Without thanking her – or apologising to Mr Peak – Mrs Van Epp snatched the ruby and fit it back into her tiara. She twisted it like a knob. The coronet shapeshifted, lowering arms that formed an earpiece and a throat microphone.
Mrs Van Epp’s tiara was a telephone!
‘Persian Kitty to Platform One,’ she said. ‘Code Magenta, Code Magenta. Deploy the Black Manta.’
Her piece said, Mrs Van Epp took off her headset and sat down.
‘We’re done,’ she said. ‘We don’t get home.’
WINGMAN PAUL METCALF
The klaxon whooped throughout Platform One.

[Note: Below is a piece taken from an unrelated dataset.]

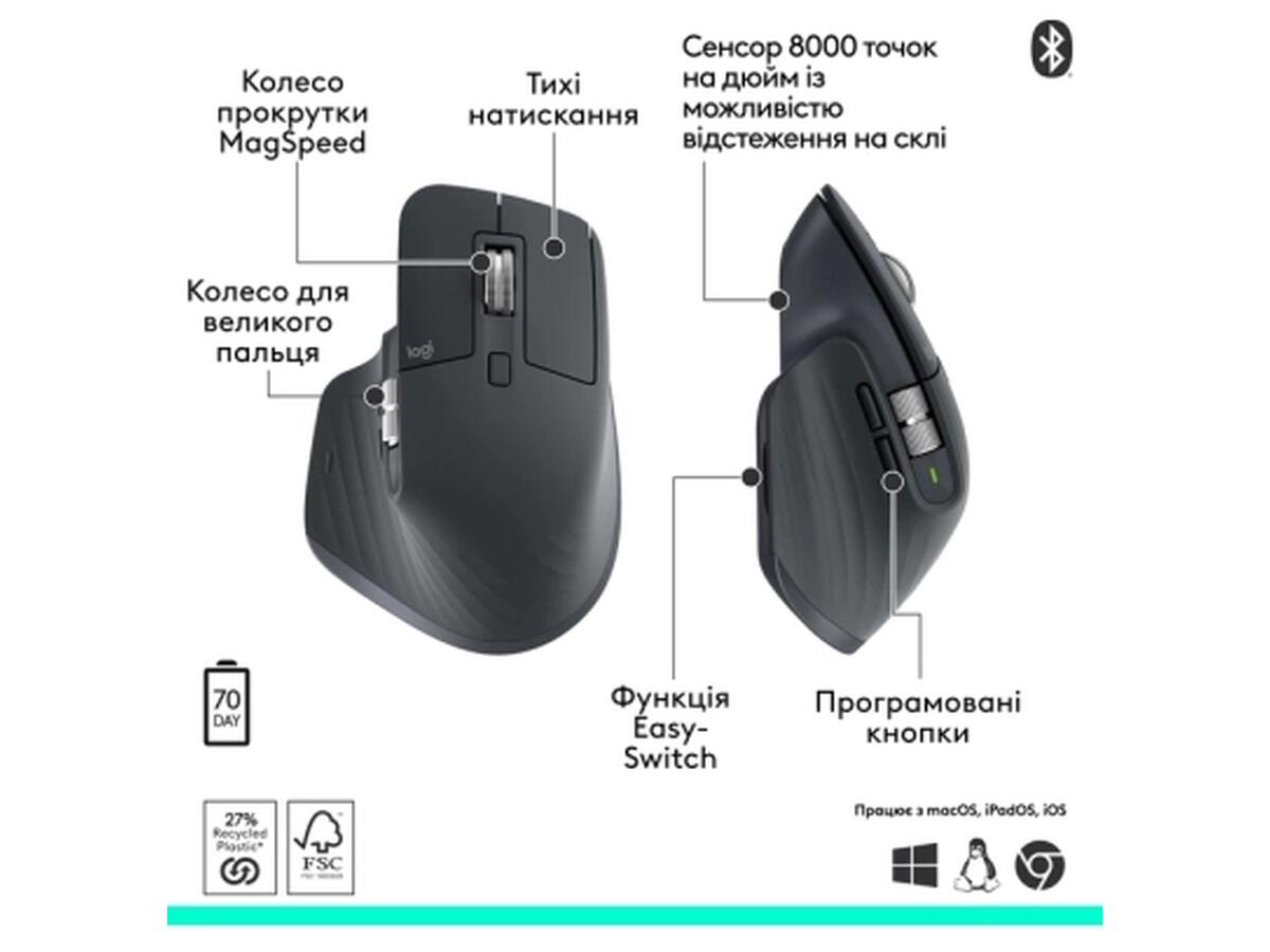 Мышка Logitech MX Master 3S Performance Bluetooth Graphite (910-007501)

Wings Over the World’s doughnut-shaped, high-atmosphere base was radar-invisible, beyond the ken (and the gunsights) of any nation. Personnel were recruited from around the globe, but owed allegiance only to the Council of Directors. Air was so thin and temperature so low at this altitude only vees could serve on the station. Tasked with waiting for the worst.
In a good year, the klaxon never sounded except for Operational Readiness Inspections.
1999 had been twenty minutes away from being a good year.
Metcalf sat in his unlit cabin, as he did every duty shift. In his flight-suit. Gear ready and at hand. Not watching telly, reading, listening to music. Not even meditating. Just waiting. Wing Navigator Hayata joked about his monastic inclination. Metcalf knew no other way to conduct himself in this afterlife.
His duty was serious.
He was new-born vee. Ex-SAS, killed in the Falklands. Turned by a jolt of Lady Syrie’s blood. Many Wingmen were her get, though she spent little time with them. Once her pick was made, Dr Devilers took over with syringes, pumps and tubes.